En 2013, c’est davantage dans les pavillons nationaux que dans la sélection internationale que le visiteur trouvera son bonheur. Ces pavillons nationaux, dont certains remarquables, sont bien la preuve, qu’il est possible d’organiser aujourd’hui une manifestation de haut niveau en puisant dans la création la plus contemporaine. Ce, dans de nombreux pays.
L'exposition internationale
Depuis 1998 – il convient ici de le rappeler - la biennale d’art contemporain de Venise n’est plus organisée uniquement sur le modèle des pavillons nationaux comme tel était le cas traditionnellement et elle se compose désormais de deux sections distinctes : outre la précédente, dans laquelle chaque pays est autonome, décide lui-même du choix de son commissaire et de son ou de ses artistes ainsi que du projet qui sera présenté, elle est désormais complétée par une exposition internationale pour laquelle un commissaire général est spécifiquement désigné. En 2013, c’est le très jeune Massimiliano Gioni (il est né en 1973), conservateur au New Museum de New York et proche des proches de son compatriote artiste Maurizio Cattelan, pleinement intégré comme celui-ci à la scène new-yorkaise, qui a été choisi.
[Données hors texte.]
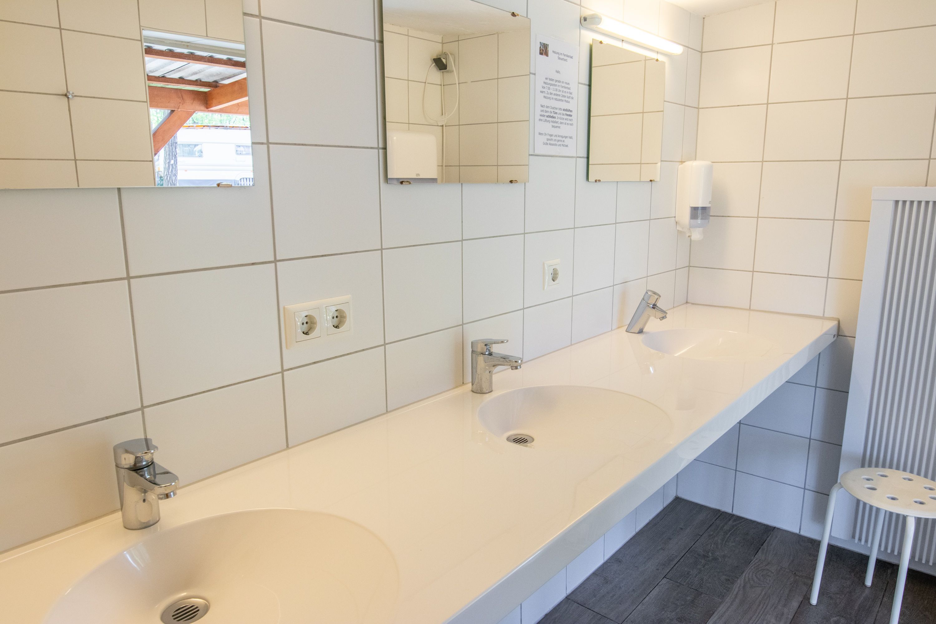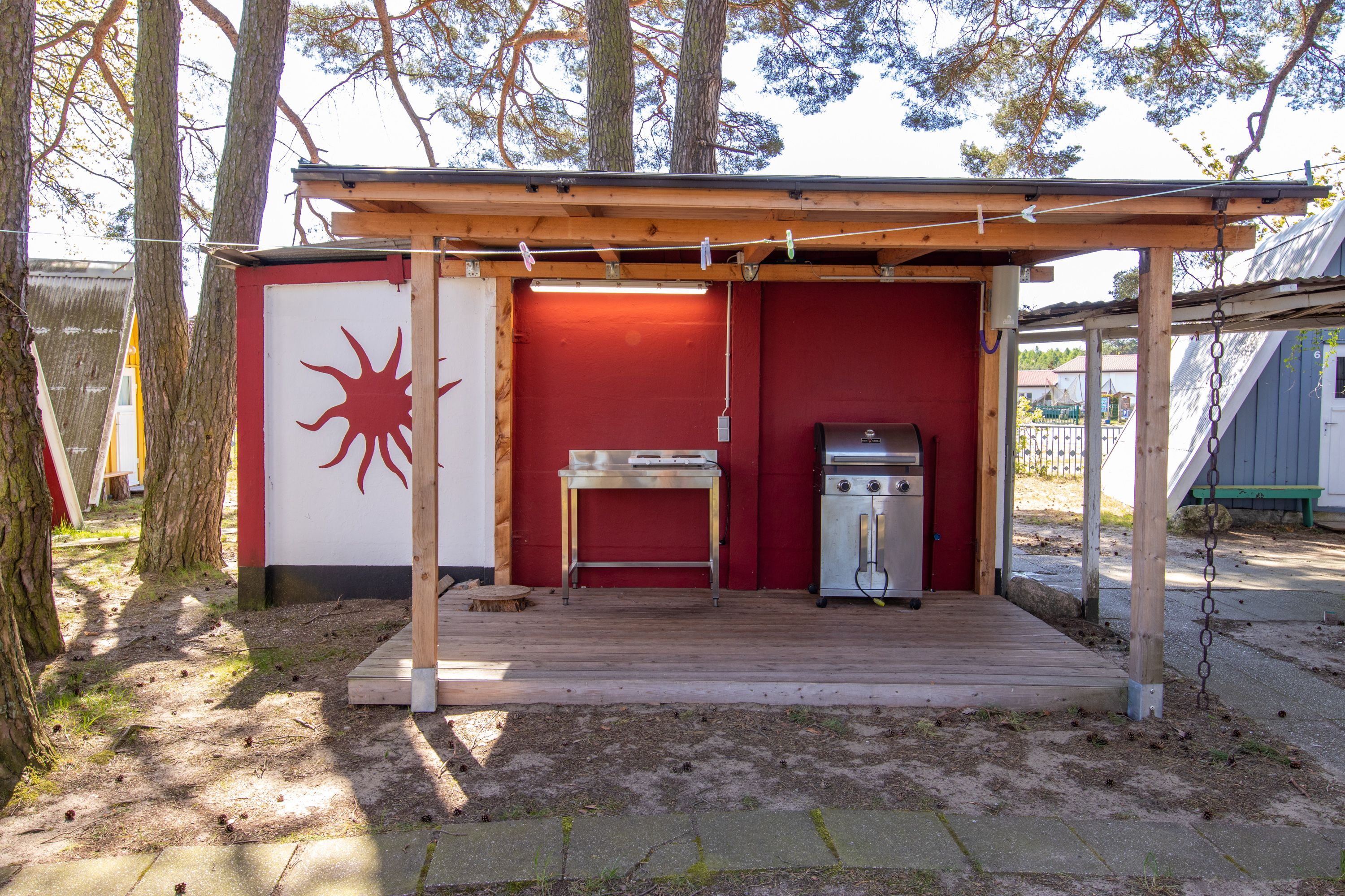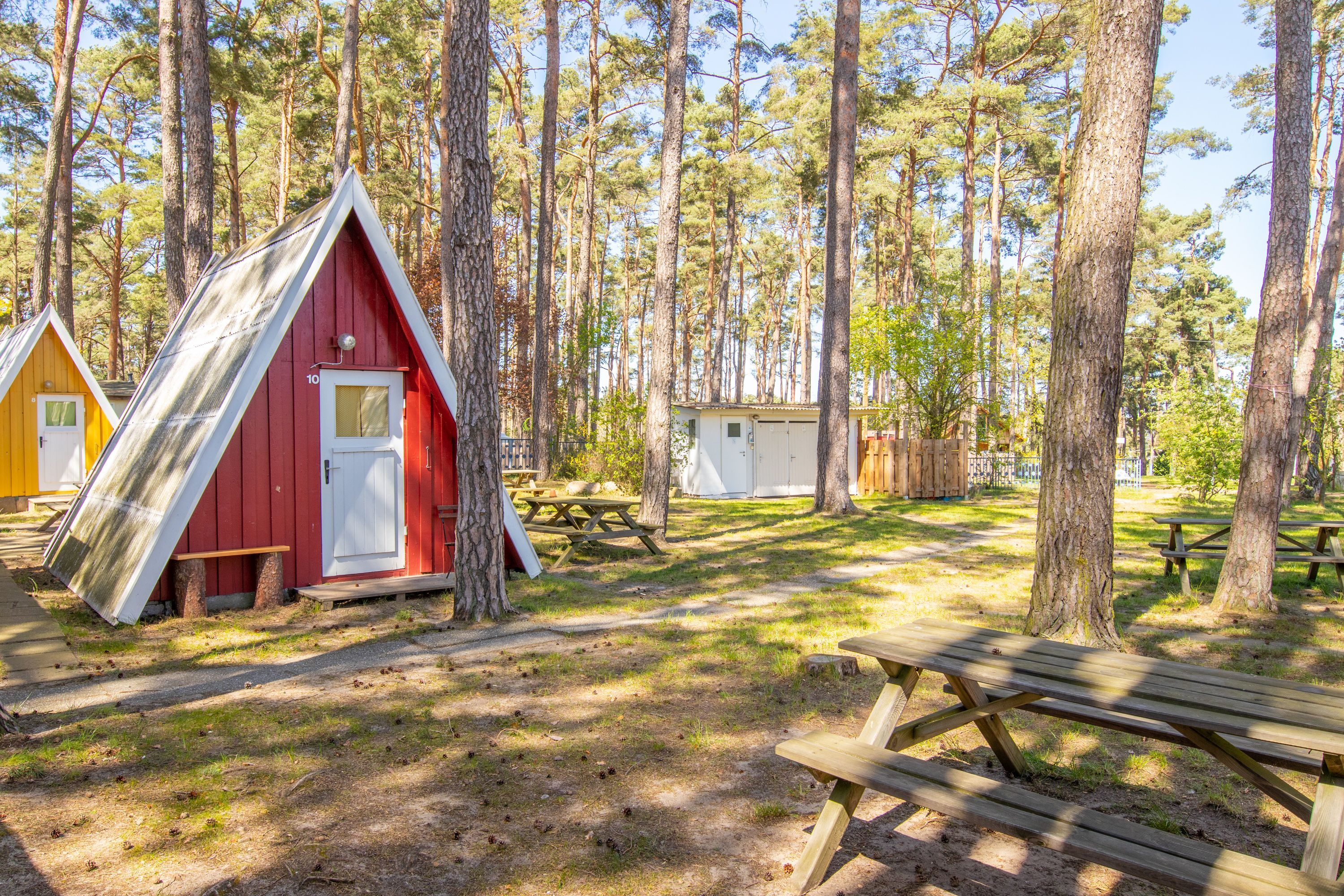 Die drei Sanitärbereiche mit WC, Waschraum und Dusche werden gemeinschaftlich genutzt und liegen gut verteilt auf dem Campingplatz. Außerdem stehen dir eine Gemeinschaftsküche, ein Outdoorgrill, Picknickbänke sowie ein Kulturraum zur Verfügung, der bei schlechtem Wetter tolle Rückzugs und Aufenthaltsmöglichkeiten bietet. Die Rezeption und ein Kiosk findest du im charmanten Bauwagen, Waschmaschine und Trockner stehen ebenfalls bereit. Rund um die Rezeption kannst du kostenfreies WLAN nutzen, in den Hütten und Lodges ist WLAN kostenpflichtig über ein MyCloud Ticket erhältlich.
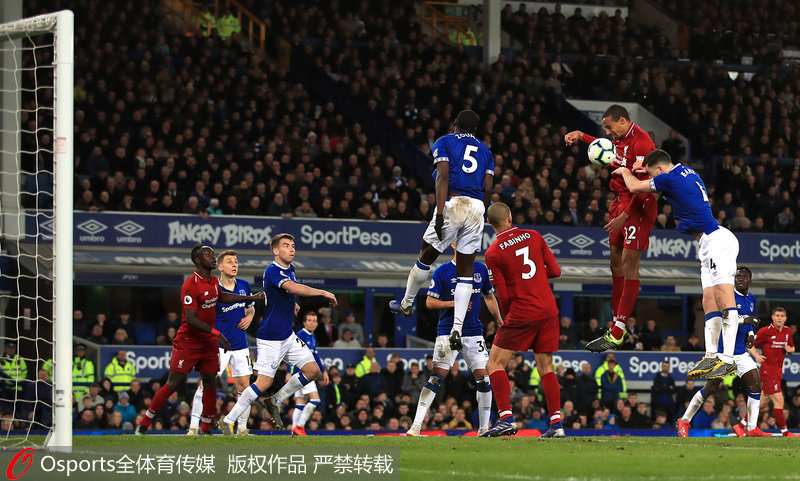 埃弗顿首次射门出现在第38分钟,基恩传球,沃尔科特高速突入禁区右侧劲射打飞。半场结束前,罗伯逊任意球传中,范戴克禁区右侧小角度头球攻门偏出近角。
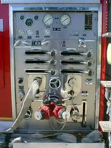Sutphen produces all types of fire related vehicles on their own chassis including the usual engines, ladders, and rescues but also provides bodies for commercial chassis applications. The company produces mid-mount aerials as either a tower ladder platform (with a bucket/basket) or in a ladder tower form (no bucket) plus industrial application aerials today. On April 21, 2016 at FDIC International the company debuted its first ever rear-mount aerial with the Sutphen SLR 75. The following year Sutphen previewed a 108-foot model. Previously, Sutphen had produced tillers in the 1990s including a unique tiller-tower concept where the bucket of the tiller aerial also acted as the tillerman's cab. The concept never made it to production.[1] All Sutphen aerials are made of Aluminum alloys and fastened with aircraft-type Huck Bolts.[2] The hydraulics are custom designed and built by the company for their applications.[3]
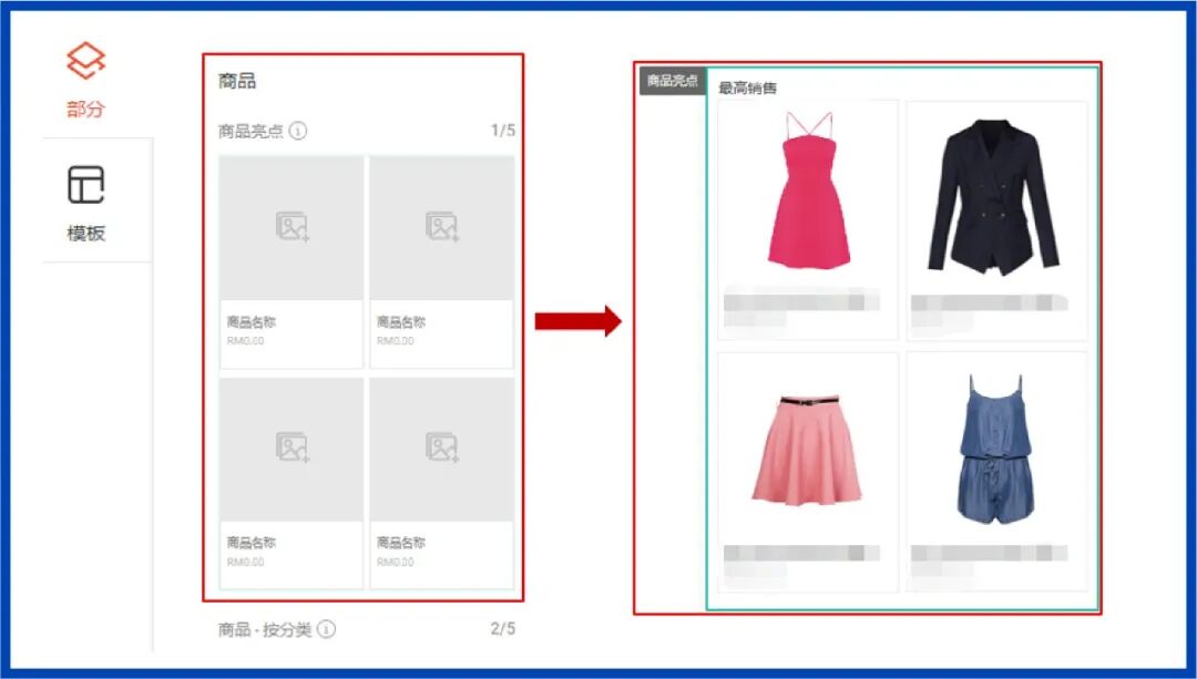 部分选项:查看装饰组件,并将新组件添加到画布中 画布:查看装饰组件在商店中的显示方式 组件属性栏:输入组件的图片、产品或类别
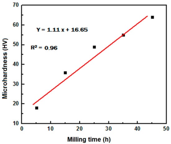 The microhardness of the samples for various milling times is shown in Figure 3. The microhardness of the Sn-0.7Cu alloy increased with milling time, reaching its maximum value at 45 h. The increase in the microhardness value was mainly related to the stored strain energy, as well as a decrease in crystallite size as already discussed. In the observed alloying process, the microhardness showed a linear dependence on the milling time.
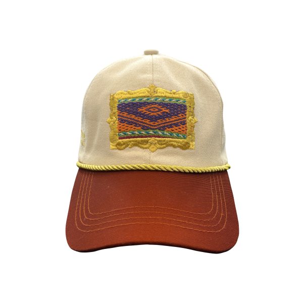 Gorra de lona regulable, con bordado en dorado más aguayo, en colaboración con Huari.
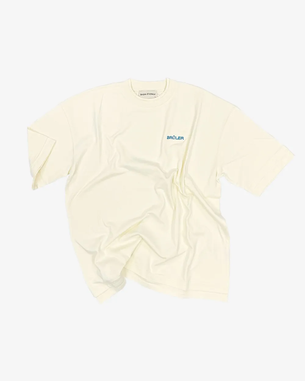 Двухслойная футболка кремового цвета с вышивкой на груди.
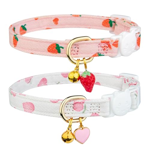 2 Pack Cotton Breakaway Cat Collar Pink Strawberries and White Heart Shaped Pendant Cute Kitten Cat Collar with Bell
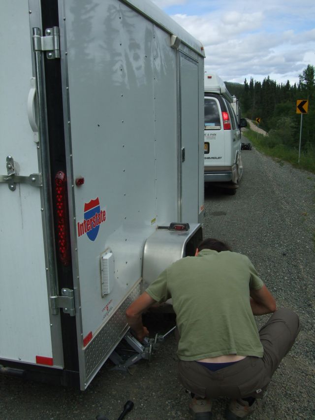 an den Reifenwechsel des Anhängers gemacht. |

On pouvait attendre de cette jeunesse de l’audace, au lieu de quoi, cette édition de la biennale joue largement la sécurité avec beaucoup d’œuvres déjà anciennes qui ne rejoignent la scène contemporaine que par la grâce du commissaire. Seule relative prise de risque, l’accent mis – sans nuance – sur l’art brut, qui semble comme découvert par le commissaire général de la biennale, quand d’autres institutions, comme la Maison Rouge à Paris, le marient de longue date - et avec intelligence - à l’art contemporain. On mettra donc à l’actif de Massimiliano Gioni ce coup de projecteur porté sur l’art brut… mais on aurait aimé que les choix soient parfois plus pertinents, car l’art brut n’est jamais aussi intéressant que quand on accorde toute l’attention qu’elle mérite à la dimension esthétique de celui-ci.
L’exposition comporte des pièces tout à fait excellentes en ce domaine et d’autres qui ne sont guère qu’anecdotiques, semblant faire fi du principe selon lequel l’art brut est aussi et peut-être surtout… de l’art. Pour le reste, on aura aussi du mal à comprendre l’enchaînement des salles, quelle vision sous-tend réellement la présentation. Selon Paolo Baratta, président de la biennale de Venise, « la réalité déploie sur une table dressée avec profusion une pléthore d’images et de visions pour l’usage quotidien ; toutes ces images nous frappent et, bien que nous soyons incapables de leur échapper, c’est peut-être l’artiste qui, pour peu que quiconque soit en mesure de le faire, pourrait passer sans encombre à travers elles, comme le fit Moïse à travers la Mer rouge ». Dont acte.
Une sélection trop occidentale
Un commissaire qui vit depuis des années à New York, cela peut être formidable : il se trouve ainsi plongé au cœur même de la scène la plus fascinante pour la création contemporaine. Mais cela autorise-t-il à être si peu sensible à la création contemporaine dans sa dimension la plus réellement plurielle ? Rencontrer, au 21ème siècle, une biennale « internationale » aussi occidentalo-centrée et même américano-centrée, apparaît quand même décevant.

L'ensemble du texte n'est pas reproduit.